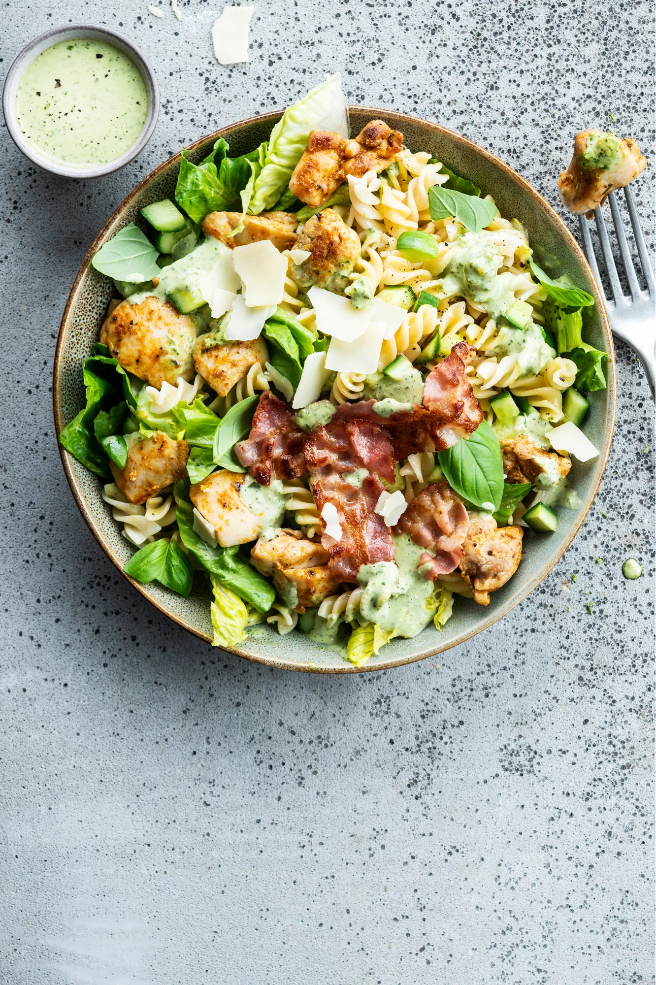 Deze Caesar pastasalade is een frisse en vullende maaltijdsalade met sappige kip, krokant spek en een romige basilicumdressing. Door de combinatie van pasta, Romeinse sla en Italiaanse kaas krijgt deze klassieker een verrassende twist. Het recept is eenvoudig te maken en ideaal als snelle doordeweekse maaltijd of lunch. Perfect voor wie houdt van een vertrouwde smaak met net dat tikkeltje extra.
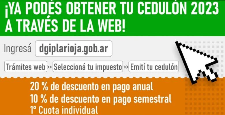 Para proceder con el trámite, los interesados deberán contar con el cedulón que lo obtendrán al ingresar a la página mencionada (www.dgiplarioja.gob.ar), luego seleccionar la opción “Trámites Web”, posteriormente marcar el impuesto a pagar y hacer clic en la opción “Emitir cedulón”.
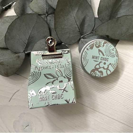 Le baume à lèvres naturel Agnes and Cat Mint Chocolate est un baume à lèvres nourrissant au parfum frais de menthe poivrée et de chocolat, parfait pour les mois secs d'hiver.
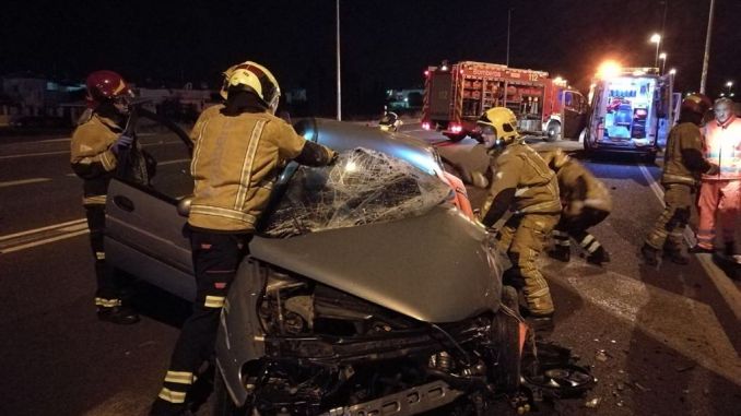 Los bomberos han tenido que excarcelar al hombre que conducía el coche, que ha sufrido una rotura de fémur abierta

-.-.-

Everything in the data except the pictures must be transcribed exactly.

## Finished task
 Deze Caesar pastasalade is een frisse en vullende maaltijdsalade met sappige kip, krokant spek en een romige basilicumdressing. Door de combinatie van pasta, Romeinse sla en Italiaanse kaas krijgt deze klassieker een verrassende twist. Het recept is eenvoudig te maken en ideaal als snelle doordeweekse maaltijd of lunch. Perfect voor wie houdt van een vertrouwde smaak met net dat tikkeltje extra.
 Para proceder con el trámite, los interesados deberán contar con el cedulón que lo obtendrán al ingresar a la página mencionada (www.dgiplarioja.gob.ar), luego seleccionar la opción “Trámites Web”, posteriormente marcar el impuesto a pagar y hacer clic en la opción “Emitir cedulón”.
 Le baume à lèvres naturel Agnes and Cat Mint Chocolate est un baume à lèvres nourrissant au parfum frais de menthe poivrée et de chocolat, parfait pour les mois secs d'hiver.
 Los bomberos han tenido que excarcelar al hombre que conducía el coche, que ha sufrido una rotura de fémur abierta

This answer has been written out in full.